*** GIVEN INFORMATION Section Begins ***

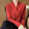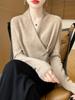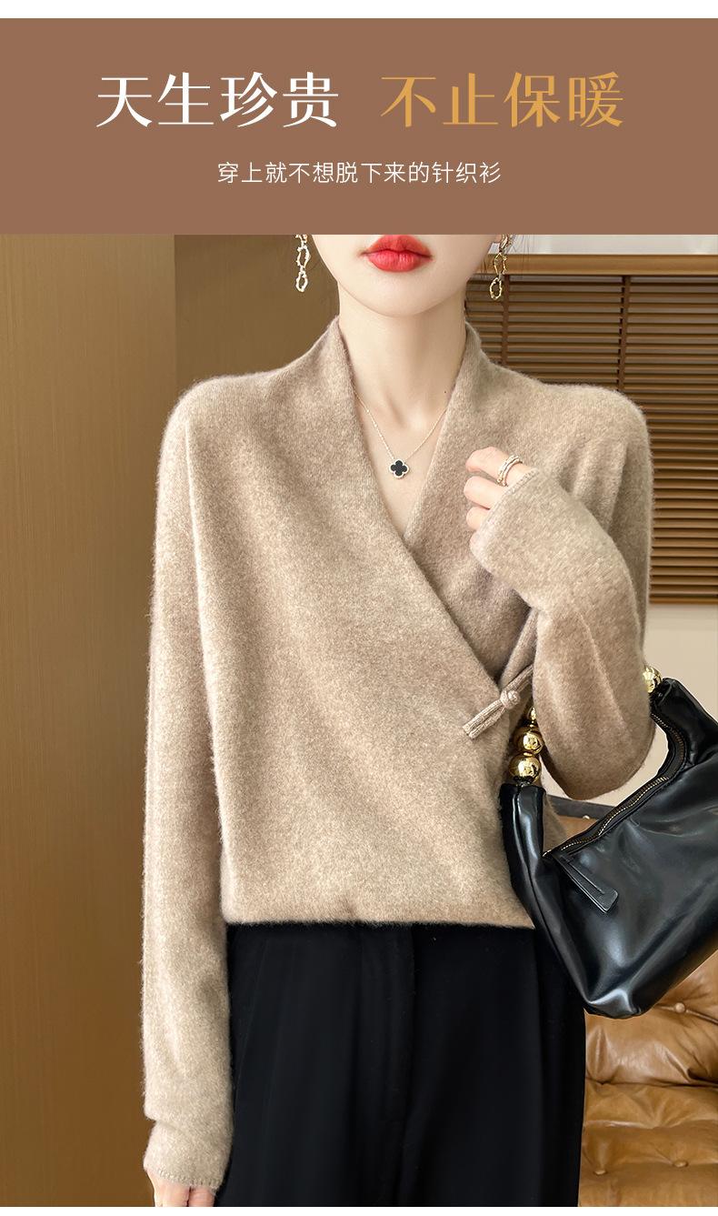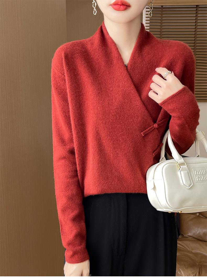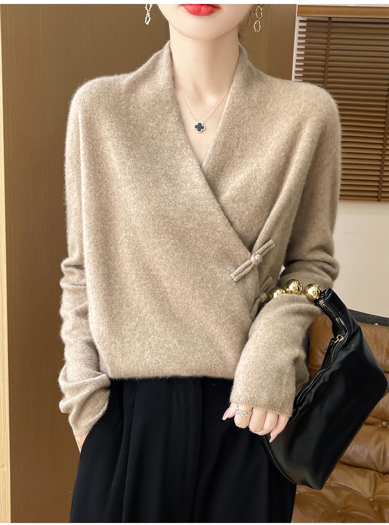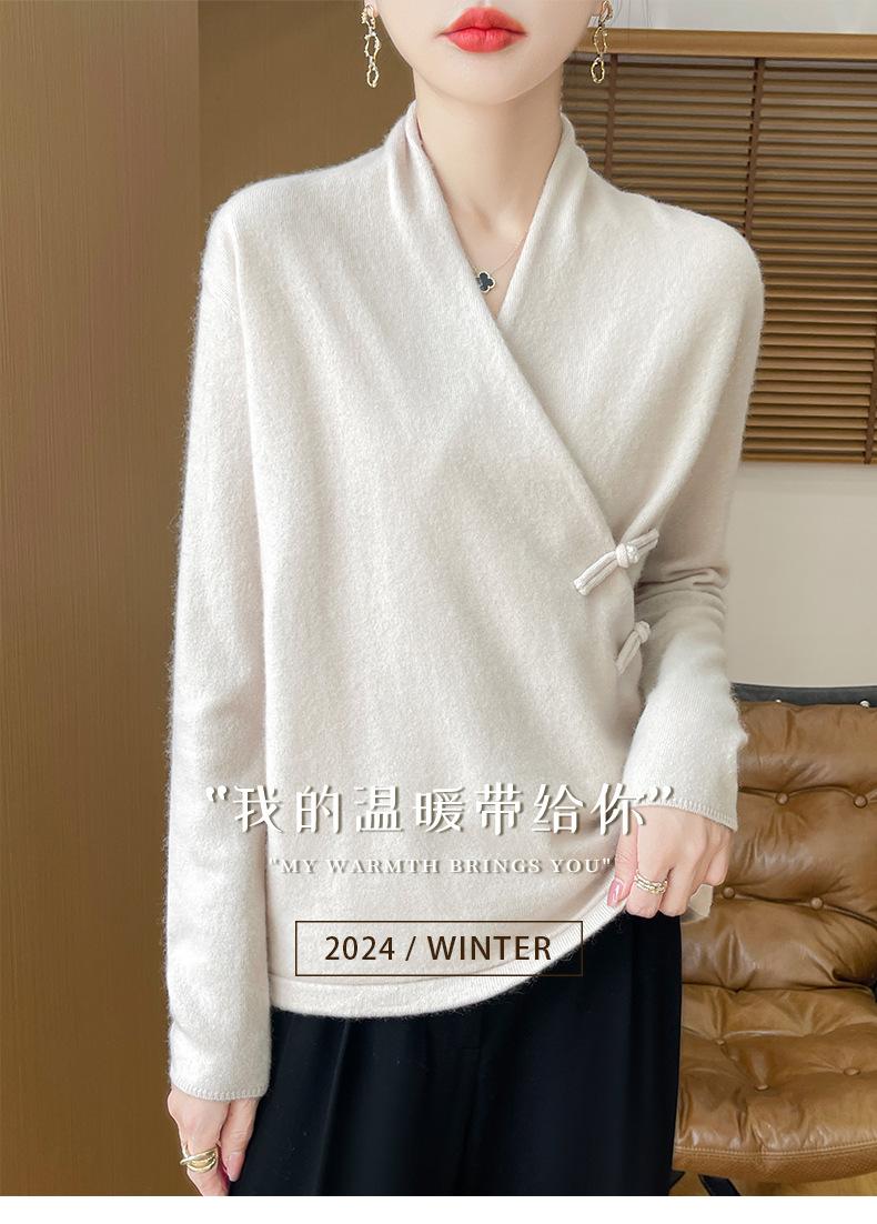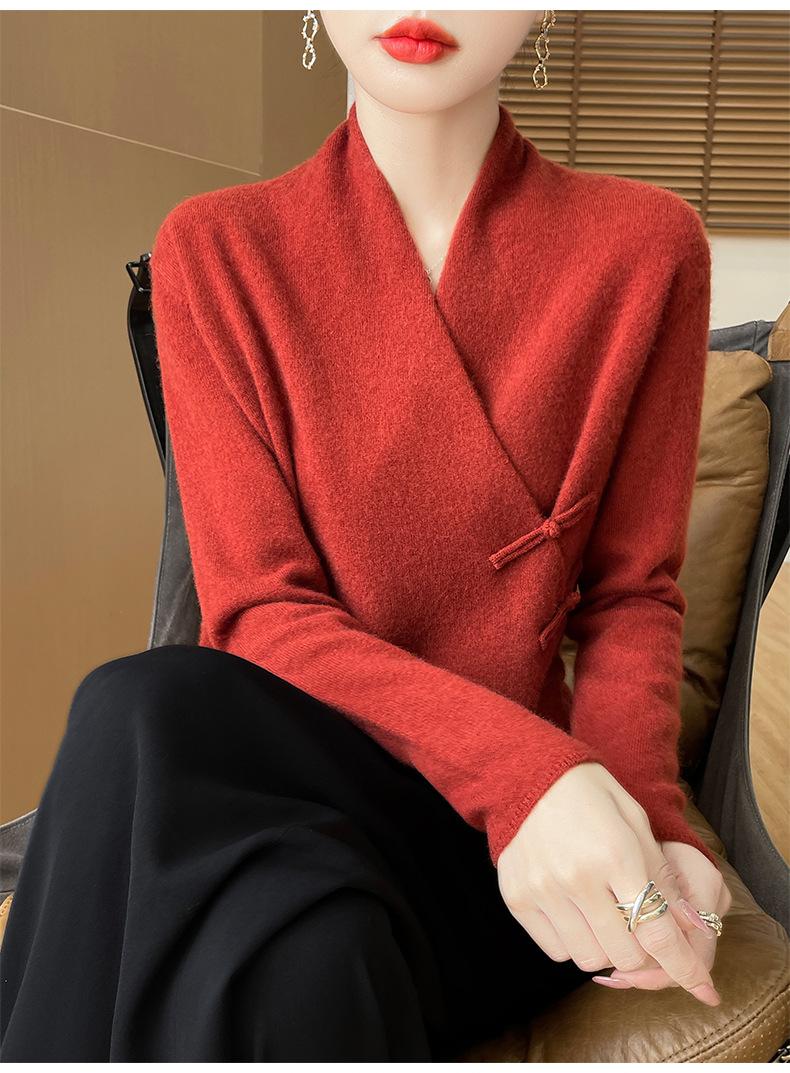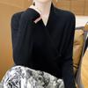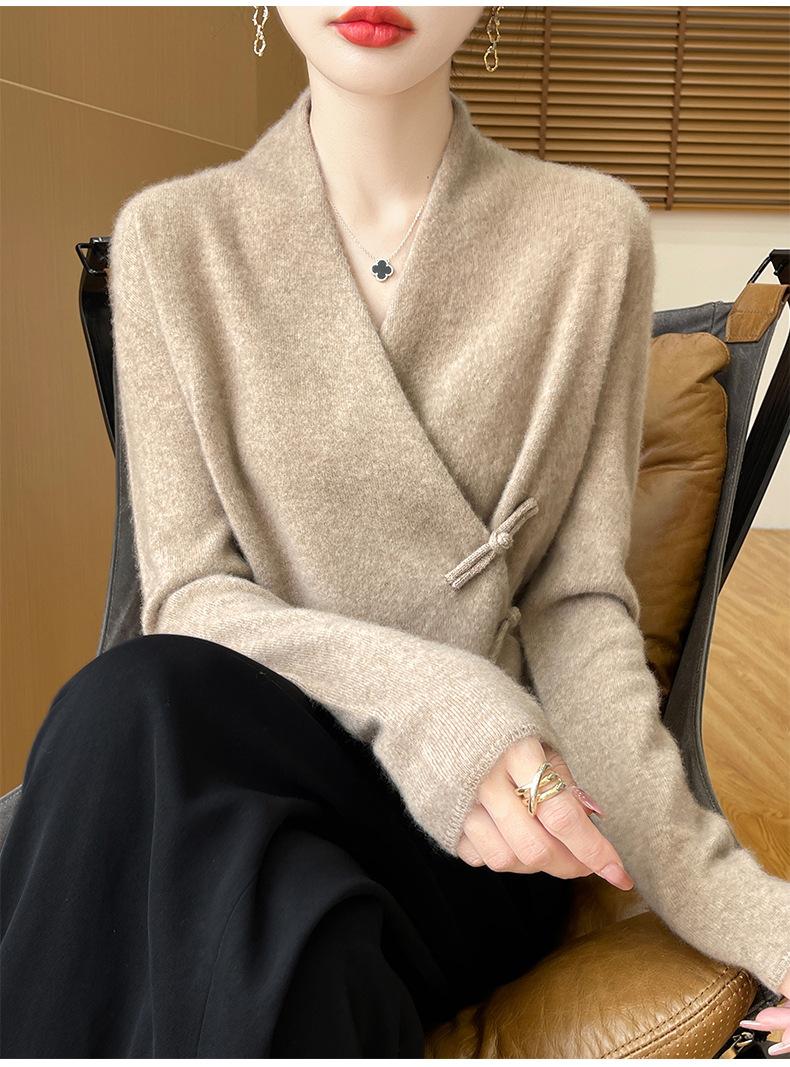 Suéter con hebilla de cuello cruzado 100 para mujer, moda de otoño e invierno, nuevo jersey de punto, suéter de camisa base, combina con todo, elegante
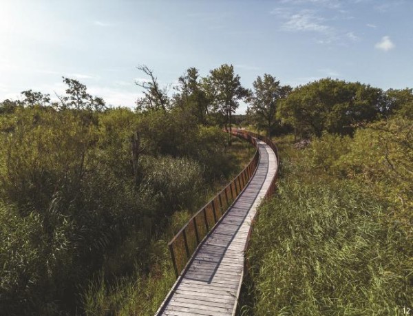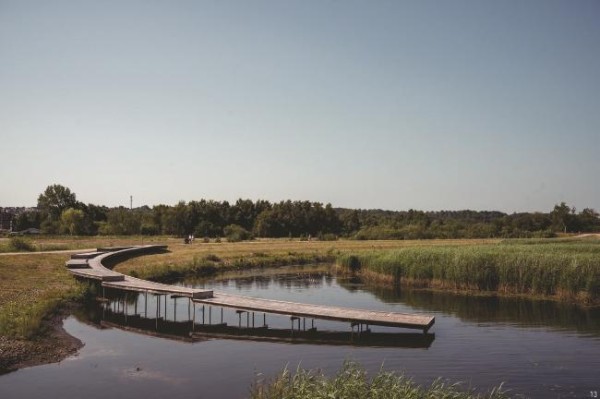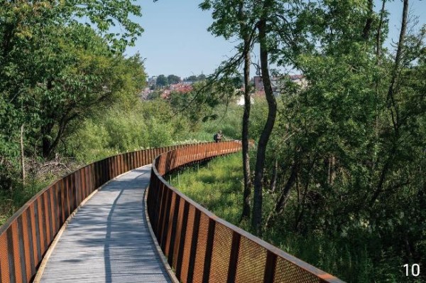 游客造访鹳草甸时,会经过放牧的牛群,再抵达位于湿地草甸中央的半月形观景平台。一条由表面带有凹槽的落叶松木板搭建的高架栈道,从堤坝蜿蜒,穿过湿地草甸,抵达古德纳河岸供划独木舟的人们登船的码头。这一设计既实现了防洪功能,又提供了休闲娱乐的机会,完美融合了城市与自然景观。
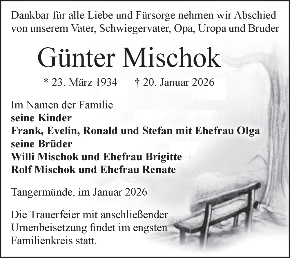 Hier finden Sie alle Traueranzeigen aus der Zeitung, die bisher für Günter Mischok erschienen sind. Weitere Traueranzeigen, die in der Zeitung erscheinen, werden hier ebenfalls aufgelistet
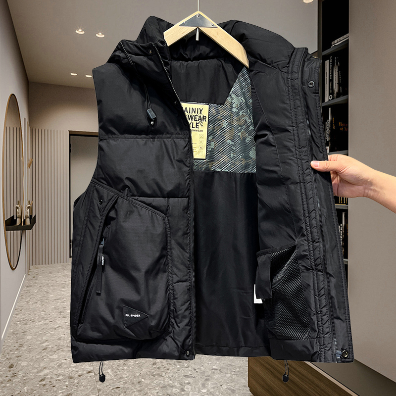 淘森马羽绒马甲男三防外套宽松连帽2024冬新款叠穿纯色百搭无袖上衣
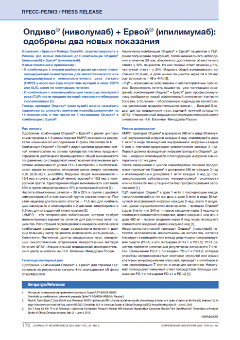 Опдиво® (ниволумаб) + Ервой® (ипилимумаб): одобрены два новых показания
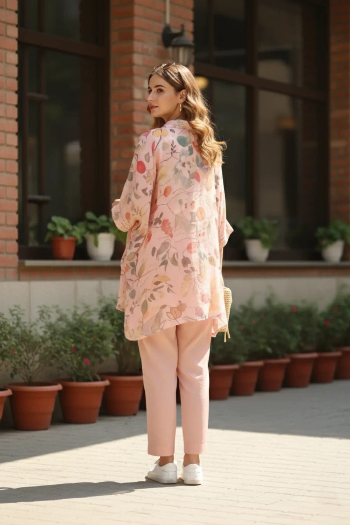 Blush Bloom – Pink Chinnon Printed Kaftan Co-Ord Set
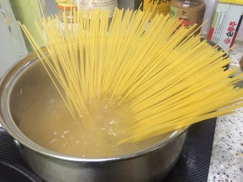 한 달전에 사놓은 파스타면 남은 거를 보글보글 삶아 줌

*** GIVEN INFORMATION Section Ends ***

- **AIM OF THE EXERCISE**
Write out again, exactly, each line from the one containing "Hier finden Sie" through the last line of the entries, and omit every picture.

- **RESULT FOR THIS TASK**
 Hier finden Sie alle Traueranzeigen aus der Zeitung, die bisher für Günter Mischok erschienen sind. Weitere Traueranzeigen, die in der Zeitung erscheinen, werden hier ebenfalls aufgelistet
 淘森马羽绒马甲男三防外套宽松连帽2024冬新款叠穿纯色百搭无袖上衣
 Опдиво® (ниволумаб) + Ервой® (ипилимумаб): одобрены два новых показания
 Blush Bloom – Pink Chinnon Printed Kaftan Co-Ord Set
 한 달전에 사놓은 파스타면 남은 거를 보글보글 삶아 줌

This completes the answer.